Project Ideas

This section collects ideas to improve coreboot and related projects and should serve as a pool of ideas for people who want to enter the field of firmware development but need some guidance what to work on.

These tasks can be adopted as part of programs like Google Summer of Code or by motivated individuals outside such programs.

Each entry should outline what would be done, the benefit it brings to the project, the pre-requisites, both in knowledge and parts. They should also list people interested in supporting people who want to work on them - since we started building this list for Google Summer of Code, we'll adopt its term for those people and call them mentors.
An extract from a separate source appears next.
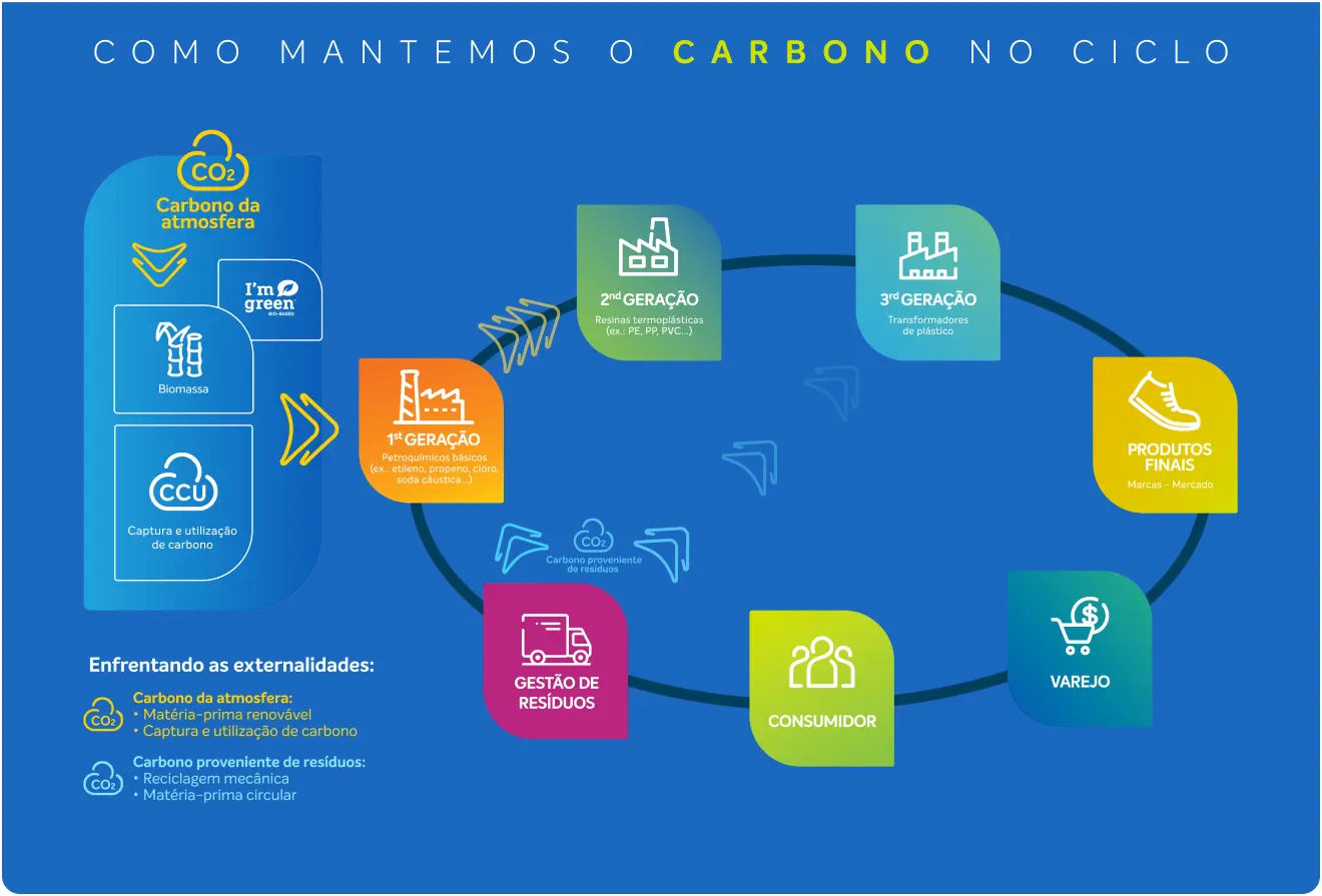 Por isso, o ecossistema de produtos e iniciativas sustentáveis da Braskem reúne nossos produtos e iniciativas para manter o carbono no ciclo por mais tempo, minimizando o impacto ambiental, promovendo uma cadeia de valor mais responsável e criando valor para empresas e pessoas.

Provide toolchain binaries

Our crossgcc subproject provides a uniform compiler environment for working on coreboot and related projects. Sadly, building it takes hours, which is a bad experience when trying to build coreboot the first time.

Provide packages/installers of our compiler toolchain for Linux distros, Windows, Mac OS. For Windows, this should also include the environment (shell, make, ...).

Requirements

  • coreboot knowledge: Should know how to build coreboot images and where the compiler comes into play in our build system.
  • other knowledge: Should know how packages or installers for their target OS work. Knowledge of the GCC build system is a big plus
  • hardware requirements: Nothing special

Mentors

Support Power9/Power8 in coreboot

There are some basic PPC64 stubs in coreboot, and there's open hardware in TALOS2 and its family. While they already have fully open source firmware, coreboot support adds a unified story for minimal firmware across architectures.

Requirements

  • coreboot knowledge: Should be familiar with making chipset level changes to the code.
  • other knowledge: A general idea of the Power architecture, the more, the better
  • hardware requirements: QEMU Power bring-up exists, and even if it probably needs to be fixed up, that shouldn't be an exceedingly large task. For everything else, access to real Power8/9 hardware and recovery tools (e.g. for external flashing) is required.

Mentors

Support QEMU AArch64 or MIPS

Having QEMU support for the architectures coreboot can boot helps with some (limited) compatibility testing: While QEMU generally doesn't need much hardware init, any CPU state changes in the boot flow will likely be quite close to reality.

That could be used as a baseline to ensure that changes to architecture code doesn't entirely break these architectures

Requirements

  • coreboot knowledge: Should know the general boot flow in coreboot.
  • other knowledge: This will require knowing how the architecture typically boots, to adapt the coreboot payload interface to be appropriate and, for example, provide a device tree in the platform's typical format.
  • hardware requirements: since QEMU runs practically everywhere and needs no recovery mechanism, these are suitable projects when no special hardware is available.